:: Provided data ::
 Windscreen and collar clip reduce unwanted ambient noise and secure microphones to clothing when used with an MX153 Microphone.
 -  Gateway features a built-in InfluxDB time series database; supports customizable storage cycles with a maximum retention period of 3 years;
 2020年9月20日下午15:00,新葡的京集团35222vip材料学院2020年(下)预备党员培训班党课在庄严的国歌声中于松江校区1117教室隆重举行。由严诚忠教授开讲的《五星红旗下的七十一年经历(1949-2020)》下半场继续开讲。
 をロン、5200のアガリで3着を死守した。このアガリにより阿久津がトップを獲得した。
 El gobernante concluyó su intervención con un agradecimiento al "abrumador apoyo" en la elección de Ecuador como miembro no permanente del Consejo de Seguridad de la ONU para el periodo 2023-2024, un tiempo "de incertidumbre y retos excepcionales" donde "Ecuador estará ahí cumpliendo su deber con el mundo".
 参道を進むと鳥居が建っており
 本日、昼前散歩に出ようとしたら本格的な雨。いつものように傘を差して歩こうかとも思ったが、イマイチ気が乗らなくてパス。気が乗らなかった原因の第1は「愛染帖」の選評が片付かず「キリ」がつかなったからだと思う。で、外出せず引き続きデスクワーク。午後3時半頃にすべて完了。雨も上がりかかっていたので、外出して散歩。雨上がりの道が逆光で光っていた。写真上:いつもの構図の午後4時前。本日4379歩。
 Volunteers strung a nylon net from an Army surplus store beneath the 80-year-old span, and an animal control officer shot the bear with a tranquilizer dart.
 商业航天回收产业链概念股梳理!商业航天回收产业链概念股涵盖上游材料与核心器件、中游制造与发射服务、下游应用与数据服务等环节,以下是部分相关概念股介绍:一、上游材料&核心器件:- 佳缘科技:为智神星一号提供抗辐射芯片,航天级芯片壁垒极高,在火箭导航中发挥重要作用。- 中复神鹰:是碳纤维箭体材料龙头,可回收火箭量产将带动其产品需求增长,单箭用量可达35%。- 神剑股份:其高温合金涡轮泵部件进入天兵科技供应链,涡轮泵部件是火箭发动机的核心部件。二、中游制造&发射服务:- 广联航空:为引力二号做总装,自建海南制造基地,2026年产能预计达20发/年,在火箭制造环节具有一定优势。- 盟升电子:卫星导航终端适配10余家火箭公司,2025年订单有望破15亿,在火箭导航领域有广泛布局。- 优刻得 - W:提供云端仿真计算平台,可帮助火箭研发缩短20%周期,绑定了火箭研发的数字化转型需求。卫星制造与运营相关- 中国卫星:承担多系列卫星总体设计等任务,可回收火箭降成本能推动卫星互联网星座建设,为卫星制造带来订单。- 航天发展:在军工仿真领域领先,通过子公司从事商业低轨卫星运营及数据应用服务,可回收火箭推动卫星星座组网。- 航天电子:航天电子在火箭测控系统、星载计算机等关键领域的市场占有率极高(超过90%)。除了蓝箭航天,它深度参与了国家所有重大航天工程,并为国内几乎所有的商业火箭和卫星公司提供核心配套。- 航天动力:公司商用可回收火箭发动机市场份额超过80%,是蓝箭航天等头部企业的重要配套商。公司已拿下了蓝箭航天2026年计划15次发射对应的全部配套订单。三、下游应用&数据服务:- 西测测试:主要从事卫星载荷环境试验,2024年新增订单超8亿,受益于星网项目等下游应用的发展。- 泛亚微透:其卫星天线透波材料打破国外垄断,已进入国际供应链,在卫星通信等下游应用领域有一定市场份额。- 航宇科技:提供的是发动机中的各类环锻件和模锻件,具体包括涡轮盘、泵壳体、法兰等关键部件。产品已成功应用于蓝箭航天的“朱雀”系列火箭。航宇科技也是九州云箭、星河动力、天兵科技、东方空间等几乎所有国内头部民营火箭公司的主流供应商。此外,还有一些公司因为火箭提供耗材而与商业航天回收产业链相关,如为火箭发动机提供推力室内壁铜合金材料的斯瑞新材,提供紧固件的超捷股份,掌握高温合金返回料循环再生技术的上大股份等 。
:::
What is required
Exact reproduction is required. Give the lines of the data from its first line through the line containing "をロン、5200のアガリで3", and no others.

Exercise answer
 Windscreen and collar clip reduce unwanted ambient noise and secure microphones to clothing when used with an MX153 Microphone.
 -  Gateway features a built-in InfluxDB time series database; supports customizable storage cycles with a maximum retention period of 3 years;
 2020年9月20日下午15:00,新葡的京集团35222vip材料学院2020年(下)预备党员培训班党课在庄严的国歌声中于松江校区1117教室隆重举行。由严诚忠教授开讲的《五星红旗下的七十一年经历(1949-2020)》下半场继续开讲。
 をロン、5200のアガリで3着を死守した。このアガリにより阿久津がトップを獲得した。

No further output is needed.